Solution: reference the resource directly instead of using a data source.
3. Implicit dependencies
Terraform usually infers dependencies, but sometimes you need to be explicit:
1data "aws_subnet" "example" {
2 depends_on = [aws_vpc.main]
3
4 filter {
5 name = "vpc-id"
6 values = [aws_vpc.main.id]
7 }
8}When NOT to use data sources
Data sources are powerful, but not always the right tool.
Avoid them when:
- You fully control the infrastructure → use resources instead
- You need lifecycle management
- You’re introducing unnecessary external dependencies
Overusing data sources can make your configuration harder to reason about.
A simple rule of thumb
If Terraform should own it, use a resource. If Terraform should only read it, use a data source.

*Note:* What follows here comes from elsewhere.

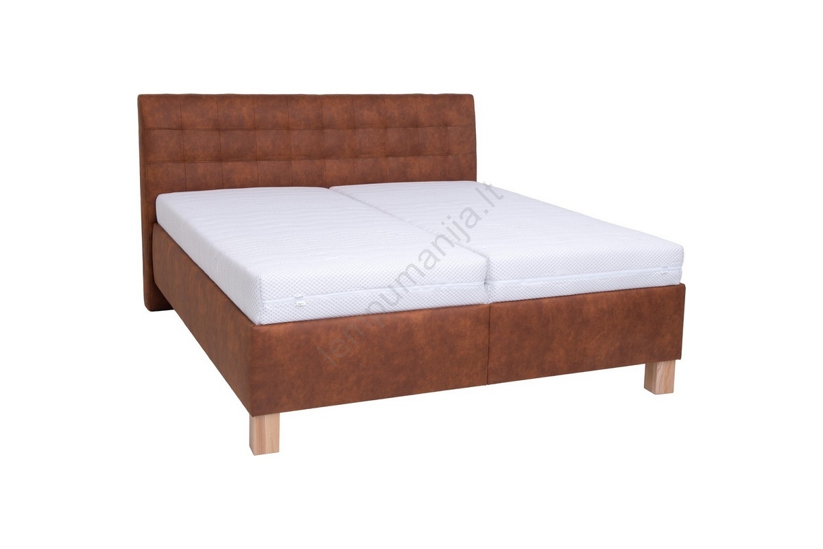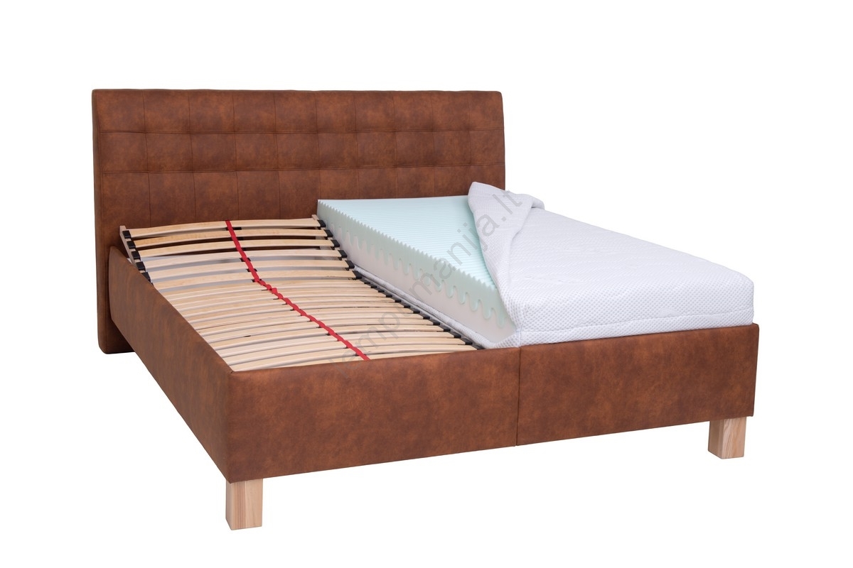 • Apmušta lova VIOLET 180x200 cm su čiužiniu ir patalynės dėže, konjako ruda

That distinction keeps your infrastructure predictable and maintainable.
Wrapping it up
Terraform data sources are the glue between managed and existing infrastructure. They help you avoid hardcoding, integrate across systems, and build flexible configurations.
Used well, they make your setup dynamic and reusable. Used poorly, they introduce hidden dependencies and fragile plans.
The difference usually comes down to one thing: being intentional about what Terraform owns—and what it simply observes.